Mailman 3 [lxml-dev] Setting URL from lxml.html.fromstring, etc - lxml - The Python XML Toolkit

newer
[lxml-dev] Segfault and bus error...

[lxml-dev] Setting URL from lxml.html.fromstring, etc

older
[lxml-dev] PyUnicodeUCS2_Decode...

Ian Bicking

17 Feb 2008 17 Feb '08

11:38 p.m.

There doesn't seem to be any way to set a document's URL when parsing the document. E.g.:

...

...
...
from lxml import html tree = html.parse('http://www.python.org') tree.docinfo.URL 'http://www.python.org'

But the parse function doesn't really take any arguments, and the URL attribute is write-only. Ideally you could do fromstring('...doc...', URL='location'). (Also I'm not sure why the URL shouldn't be writable.) Ian

Show replies by date

Stefan Behnel

18 Feb 18 Feb

8:33 a.m.

Hi Ian, Ian Bicking wrote:

...

There doesn't seem to be any way to set a document's URL when parsing the document. E.g.:

...
...
...
from lxml import html tree = html.parse('http://www.python.org') tree.docinfo.URL 'http://www.python.org'

But the parse function doesn't really take any arguments, and the URL attribute is write-only. Ideally you could do fromstring('...doc...', URL='location').

All keyword arguments that you pass to the parse/fromstring functions are passed on to lxml.etree's corresponding functions. That means, you can pass the "base_url" keyword. (Maybe that should be mentioned in the docstrings).

...

Also I'm not sure why the URL shouldn't be writable.

What would be the use case? The problem that arises is that the source URL of a document would no longer be an immutable identifier of the document. If it can change, it's less valuable for caching (for example). It's a different thing if you pass a URL to the parser because it can't know where the document came from, or if you change the 'source' of a document at will. Stefan

Ian Bicking

6:04 p.m.

Stefan Behnel wrote:

...

Ian Bicking wrote:

...
There doesn't seem to be any way to set a document's URL when parsing the document. E.g.:

...
...
...
from lxml import html tree = html.parse('http://www.python.org') tree.docinfo.URL 'http://www.python.org'

But the parse function doesn't really take any arguments, and the URL attribute is write-only.

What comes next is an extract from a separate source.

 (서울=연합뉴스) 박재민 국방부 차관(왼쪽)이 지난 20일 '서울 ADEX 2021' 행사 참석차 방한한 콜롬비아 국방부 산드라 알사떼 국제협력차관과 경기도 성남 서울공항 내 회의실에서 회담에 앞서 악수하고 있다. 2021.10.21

Ideally you could do fromstring('...doc...', URL='location').

All keyword arguments that you pass to the parse/fromstring functions are passed on to lxml.etree's corresponding functions. That means, you can pass the "base_url" keyword. (Maybe that should be mentioned in the docstrings).

Yeah... it's hard to figure out what method is underlying these. I've added a note to the docstring and an explicit base_url argument to the functions, so you can see the presence of the parameter more easily. It does not appear that html.parse() takes a base_url argument (just as etree.parse does not). If you pass a URL or filename then I suppose that becomes the base. If you pass in a file-like object then I think it also works, if the file-like object has a geturl() method (like urllib's files do).

...

...
Also I'm not sure why the URL shouldn't be writable.

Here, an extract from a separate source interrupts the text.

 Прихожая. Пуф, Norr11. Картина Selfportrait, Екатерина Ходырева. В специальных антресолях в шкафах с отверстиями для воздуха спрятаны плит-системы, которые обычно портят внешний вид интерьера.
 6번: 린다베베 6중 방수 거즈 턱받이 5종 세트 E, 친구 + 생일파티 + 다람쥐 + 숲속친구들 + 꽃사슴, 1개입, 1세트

What would be the use case? The problem that arises is that the source URL of a document would no longer be an immutable identifier of the document. If it can change, it's less valuable for caching (for example). It's a different thing if you pass a URL to the parser because it can't know where the document came from, or if you change the 'source' of a document at will.

If you can just get it right during parsing it should be fine. But there's things like xml:base (doesn't apply to HTML; not sure how it's handled in XML), or unusual headers like Content-Location, which you might want to handle at point in time that the document has already been parsed. Probably not a problem, but it doesn't seem that much like a problem to make it writable too. Especially since the document itself is writable. Once you've edited the document, it's not *the* document at that URL anyway. Maybe you get a page, edit it, and serve it at a new location. Deliverance does this by getting the theme page, then injecting the content into that page -- but the theme page is the originally-parsed object, though it will be served at a different location. I'd like to be able to fix up that data. And I'm not sure how I'd make a copy of a document with a new URL, if the URL/document link is immutable. (Right now I'm mostly ignoring the URL, but it would be nice if I could actually trust it.) Ian

Stefan Behnel

8:29 p.m.

Hi Ian, Ian Bicking wrote:

...

Stefan Behnel wrote:

...
Ian Bicking wrote:

...
There doesn't seem to be any way to set a document's URL when parsing the document. E.g.:

...
...
...
from lxml import html tree = html.parse('http://www.python.org') tree.docinfo.URL 'http://www.python.org'

But the parse function doesn't really take any arguments, and the URL attribute is write-only. Ideally you could do fromstring('...doc...', URL='location').

All keyword arguments that you pass to the parse/fromstring functions are passed on to lxml.etree's corresponding functions. That means, you can pass the "base_url" keyword. (Maybe that should be mentioned in the docstrings).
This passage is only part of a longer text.